Kota Surabaya, Kabarterdepan.com – Enam mahasiswa Manajemen Universitas Airlangga angkatan 2024 sukses mencuri perhatian lewat karya kreatif mereka.
Produk bernama Vest to Go ini merupakan rompi multifungsi yang dapat diubah menjadi totebag, dirancang sebagai bagian dari tugas akhir mata kuliah Kewirausahaan.
Magda, salah satu anggota tim, menjelaskan bahwa proyek ini merupakan syarat pengganti ujian akhir semester.
“Kita semua diwajibkan bikin satu produk usaha yang bisa dijual, target omsetnya dua juta rupiah. Puncaknya dipresentasikan di Expo Kewirausahaan,” ujar Magda ditemui, Kamis (17/7/2025).
Awalnya, ide produk masih berubah-ubah.
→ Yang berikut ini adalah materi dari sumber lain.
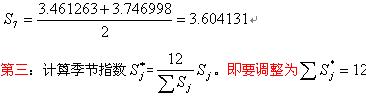 第二步:计算季节比率及其平均数,各个时期的实际值 与相应的中心化移动平均数 的比率显示季节变动和随机变动的综合作用: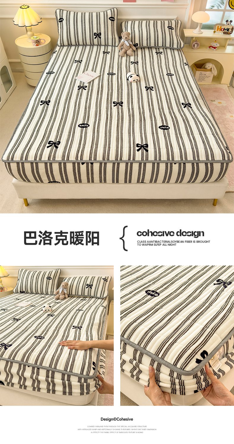 (总)摩妮卡 2025新款加厚保暖牛奶绒夹棉绣花床垫三件套,呆呆熊-蓝,呆呆熊-黄,呆呆熊-咖,Kitty猫-白,Kitty猫-粉,Kitty猫-紫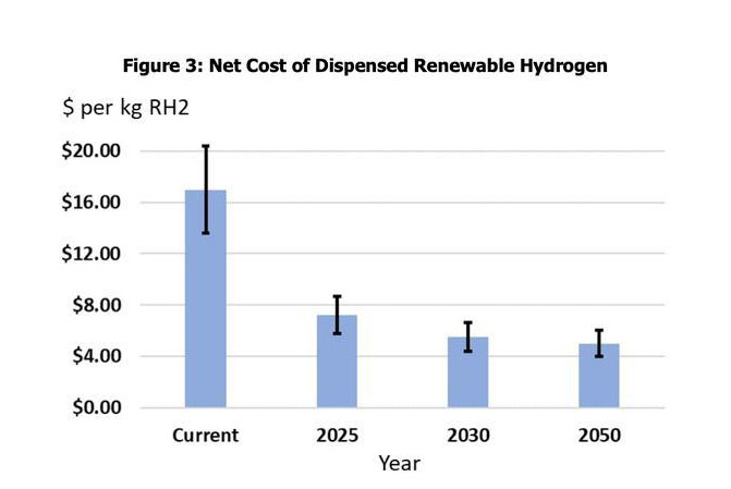 加州政府預(yù)計(jì),到2025年加州氫燃料的出廠價(jià)格會(huì)降低到每公斤2美元。而加氫站的分發(fā)價(jià)格會(huì)降低到每公斤6-8.5美元,大大低于目前每公斤13-16美元的價(jià)格。如果按照行駛里程換算的話,這大致相當(dāng)于氫燃料車主的加氫成本是每加侖(3.7854升)汽油價(jià)格2.4-3.4美元,基本和加州目前的汽油價(jià)格持平。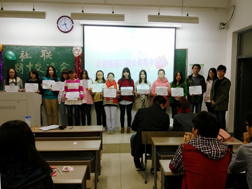 第三个是颁奖环节。首先是由王斌主席为各部门的进步之星颁奖,其次卢一凡副主席为各社团中的进步之星颁奖。这既是对干事努力工作的认可,又是对干事的一种莫大的鼓励。“进步之星”名额虽少,但在每一位部长的话语中都流露出同一个意思:每一个干事都很棒,进步都非常大!
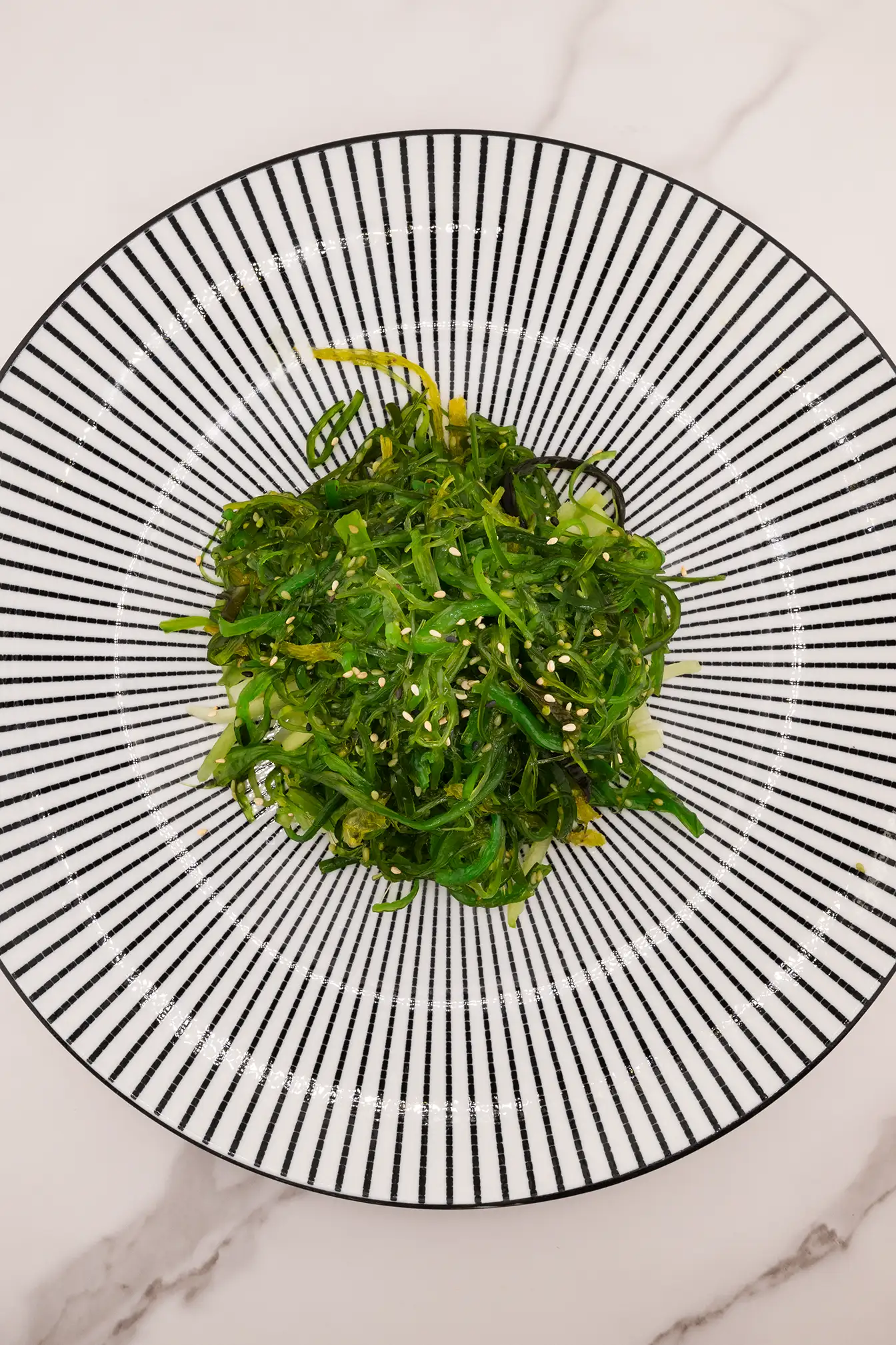 A refreshing salad made with marinated seaweed, sesame seeds, and a tangy dressing.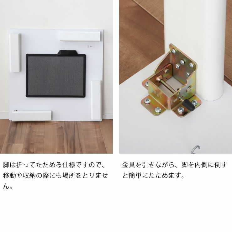 フラットヒーターで足元すっきり。春夏シーズンには、センターテーブルとして活躍します。ソファと合わせてローテーブルとしても使いやすい高さです。折れ脚タイプなので、収納の際も場所を取りません。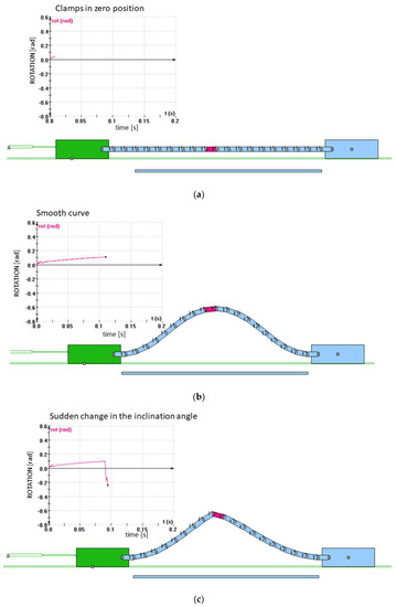 The simulated progress of textile buckling of the discretized model of the investigated textile laminate sample in the Working Model 2D program environment at a clamp distance of 110 mm: (a) the starting position; (b) the buckling without the loss of shape stability; (c) the loss of shape stability.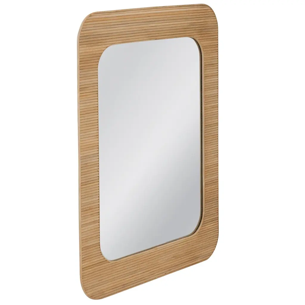 The Haruki Wall Mirror features a rectangular shape with rounded corners and a unique horizontal wood slat design, adding a touch of boho charm to any room. The natural wood elements bring warmth and texture, making it a perfect fit for a variety of interiors, from living rooms to bedrooms or entryways. With its simple yet stylish design, this mirror enhances your space while adding a relaxed, bohemian vibe. The Haruki Wall Mirror effortlessly combines function with aesthetic appeal, making it a versatile addition to your home decor.

Namun tim akhirnya memilih konsep utama: satu produk, multifungsi. Mereka kemudian melakukan riset di media sosial dan menemukan bahwa produk fashion multifungsi punya peluang besar di pasaran.
Tantangan muncul saat mereka harus menyesuaikan produk dengan tema kelas, yaitu “Padang”. Tim berupaya keras menggabungkan nilai budaya Minang dalam desain modern agar tetap menarik secara visual dan relevan dengan target pasar.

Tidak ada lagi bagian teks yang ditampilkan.